Dans Les Echos et le Financial Times, le 16 juillet, M. Kretinsky s’est dit prêt « à préserver le périmètre maximal possible ». Mais « sous quel mode conservera-t-il les magasins de Casino, ses supermarchés et hypermarchés ? Le succursalisme ? Ou la location-gérance ? Ce n’est pas précisé », relève Jean-Luc Farfal, délégué syndical CFDT. Et le lancement d’une nouvelle stratégie commerciale n’interviendra que « début 2024 », après la mise en place d’une nouvelle gouvernance. « C’est à la fois long et court », formule M. Farfal, en craignant un creusement des pertes d’activité au dernier trimestre 2023, une période qui pèse lourd dans les comptes des grandes surfaces alimentaires.

 

Chez Atos, même si « l’accord avec M. Kretinsky comprendrait une stabilité de la gouvernance et de la stratégie », la CFDT, premier syndicat du groupe d’informatique, « accueille avec scepticisme et prudence ces annonces et s’interroge sur leurs conséquences sur l’emploi, les conditions de travail et l’avenir professionnel des salariés dans les deux futures sociétés ». Séparé de Tech Foundations, Atos, recentré sur la cybersécurité, sera renommé Eviden. M. Kretinsky détiendra 7,5 % de son capital.

 

 

 

C’est pourquoi, dans un communiqué publié le 5 août, « la CFDT demande à M. Kretinsky de s’engager fortement pour la préservation de toutes les entités de Tech Foundations et pour la garantie d’emploi ». Quant à Editis, quelles seront ses relations avec la Fnac, le plus gros vendeur de livres en France ? Avoir le même actionnaire pourrait-il léser les libraires indépendants ? Un risque que balaie le groupe de M. Kretinsky, en assurant que l’investissement dans Fnac Darty est purement financier, sans aucun levier d’influence sur la stratégie du distributeur.

 

Secteur postal

La France n’est pas le seul terrain de chasse de l’homme d’affaires tchèque pressé de réinvestir le cash accumulé par EPH, dont le résultat brut d’exploitation a quasiment doublé en 2022, à 4,3 milliards d’euros, grâce à l’envolée des prix de l’énergie avec la guerre en Ukraine. En juin, il s’est, par exemple, renforcé au capital d’IDS, ex-Royal Mail, les services postaux britanniques, dont il détient désormais 26 % du capital. Le groupe emploie 152 000 salariés, dont la quasi-totalité au Royaume-Uni.

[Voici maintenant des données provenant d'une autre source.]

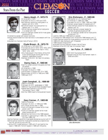 Eric Eichmann...F...1983-86 •1989 starter on U.S. National Team •All-American in 1985 and 1986 •First-team All-ACC in 1983, 1985 and 1986 •Clemson career leader for assists with 47 •Holds Clemson record for most assists in a season with 19 •Tied as Clemson's career leader for number of games played with 88 •11th on Clemson career list for most points scored with 111 •Led the 1985 and 1986 teams in assists •Finished the 1985 season with 19 and the 1986 season with 11 •Holds Clemson record for most assists by a junior with 19 in 1985 •1985 ACC stat champion with 19 assists •1985 Soccer America MVP •Inducted into the Clemson Athletic Hall-of Fame •Member of the ACC 50-Year Anniversary Team
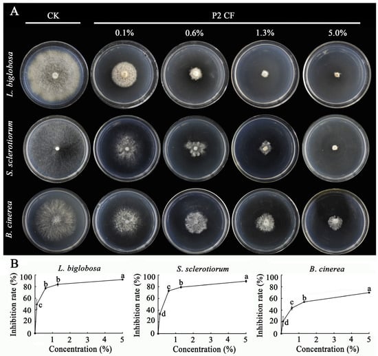 In the agar amendment bioassay, the P2 CF added in PDA at 0.1% to 5.0% (v/v) significantly (p < 0.05) reduced the colony size of L. biglobosa, S. sclerotiorum, and B. cinerea, compared to the colony size of these fungi on PDA without P2 CF alone (Figure 13A). With the increase in the concentration of P2 CFs from 0.1% to 5.0%, the inhibition rates (e.g., the percentage of colony size reduction) were consistently increased from 49% to 92% for L. biglobosa, from 33% to 89% for S. sclerotiorum, and from 20% to 70% for B. cinerea (Figure 13B).
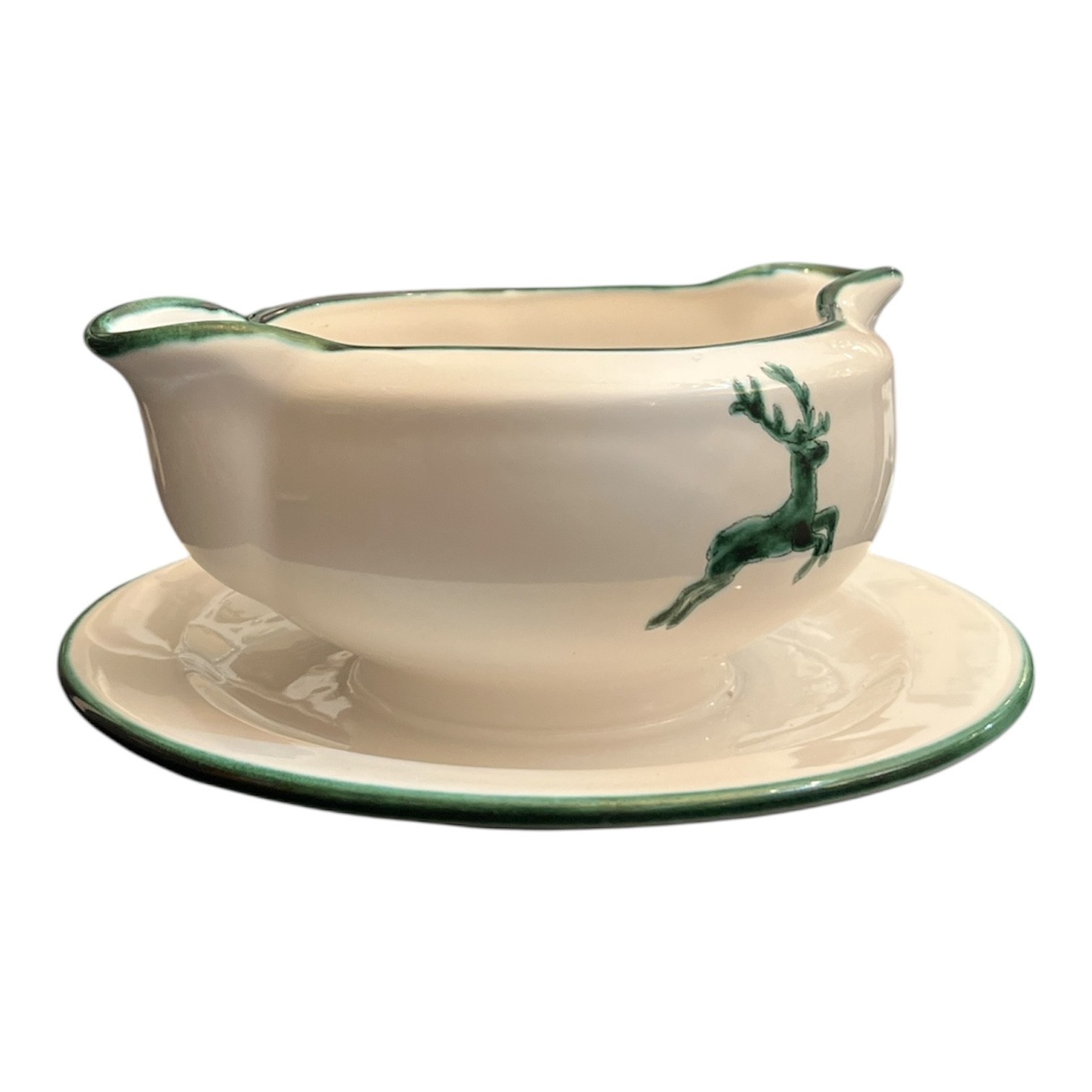 ? Gmundner Keramik Sauciere mit Unterteller – Grüner Hirsch | ca. 28 cm

Dans le même secteur postal, M. Kretinsky détient, depuis la fin de 2022, un peu moins du tiers du capital du néerlandais PostNL, qui compte environ 40 000 salariés. Il est également actionnaire du groupe britannique de supermarchés Sainsbury’s (189 000 employés au Royaume-Uni) et de son homologue allemand Metro (90 000 employés dans le monde, dont 17 000 en Allemagne).